AstraZeneca in the spotlight
Since the covid-19 vaccines began to be administered worldwide, reports of progress or setbacks in vaccination on a global scale have not ceased to follow one after the other, with more or less controversy. In this context, and now that it seemed that, following specialists' recommendations, people were losing their fear of vaccination and were beginning to look forward to their turn, a host of doubts are once again undermining social confidence. This time, due to the appearance of thromboembolism in people who had been administered the Oxford/AstraZeneca (AZ) vaccine. Several countries, including Spain, have stopped vaccination with AZ. But is it true that AZ causes thrombosis?
To claim that the AZ vaccine induces thrombus formation is very bold. This is demonstrated by the fact that, of the 17 million doses of AZ that have been administered in the United Kingdom and the European Union, only 37 cases of thromboembolism have been reported. This figure represents 0.00021% of the population vaccinated with AZ in these countries
Science is characterised by following the scientific method, and no statement can be made without prior proof. It is for this reason that the competent authorities, such as the European Medicines Agency (EMA), are examining whether a cause-effect relationship between the vaccine and the thrombosis that has occurred can be proven.

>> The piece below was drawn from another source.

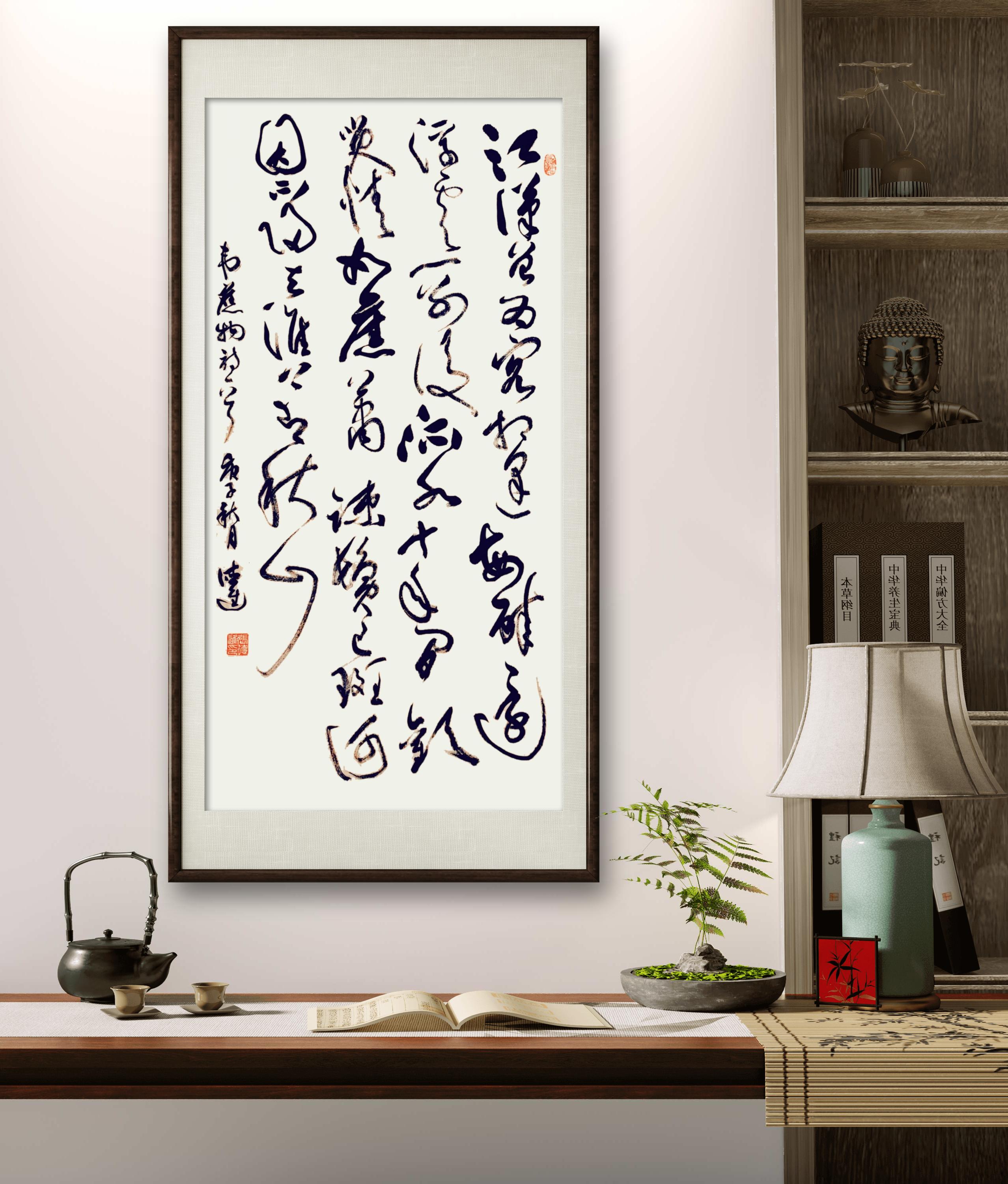 淮上喜会梁川故人 韦应物 江汉曾为客,相逢每醉还。 浮云一别后,流水十年间。 欢笑情如旧,萧疏鬓已斑。 何因不归去?淮上有秋山。 草书笔墨飞动如茶烟轻飏,韦应物 “浮云一别后,流水十年间” 的诗意随线条流转。笔势的枯润浓淡,恰似茶汤的清冽回甘,狂放中藏蕴沉敛。墨色漫漶处映着茶盏流光,字句间的留白如茶香袅袅,让故人相聚的温煦与时光沉淀的淡然萦绕一室。观之,心随笔走,茶伴诗行,喧嚣渐远,只剩禅意与知己相逢的暖意,为茶室添一份古雅清宁的韵致。

![The Director of the European Medicines Agency, Emer Cooke.](data:image/svg+xml,%3Csvg xmlns="http://www.w3.org/2000/svg" viewBox="0 0 16 9"%3E%3C/svg%3E)
On the other hand, the WHO continues to support vaccination with AZ. Although it has opened a review of the data, it has announced that until the studies do not say otherwise, it recommends the use and administration of this vaccine. This organisation is based on the results of the clinical trial, which demonstrate the safety and efficacy of AZ.
AstraZeneca issued a statement on Sunday 14 March in which it stated that among the people who were included in the AZ clinical trial, fewer thromboembolisms were described in the group of people who received the vaccine than in those who had not received it. In fact, besides the side effects experienced by those who received the vaccine dose, which were already foreseen by the trial - such as fever, muscle pain, local inflammation caused by the jab, etc. - not many more are known.
The International Society on Thrombosis and Haemostasis has also issued a statement based on this data, in which it continues to support vaccination with AZ. It also adds that, given the millions of doses already administered, if a hypothetical link between AZ and an increase in the frequency of blood clots were to be demonstrated, it would be so extremely unlikely that it would make vaccination with AZ a recommendable tool. Without going any further, the incidence of suffering a vascular accident is 500 per 3 million people (0.016%) in the general population in two months. A figure well above the proportion of vascular accidents that could hypothetically be induced by the AZ vaccine. Thus, the benefits of vaccination in society would outweigh its potential adverse effects.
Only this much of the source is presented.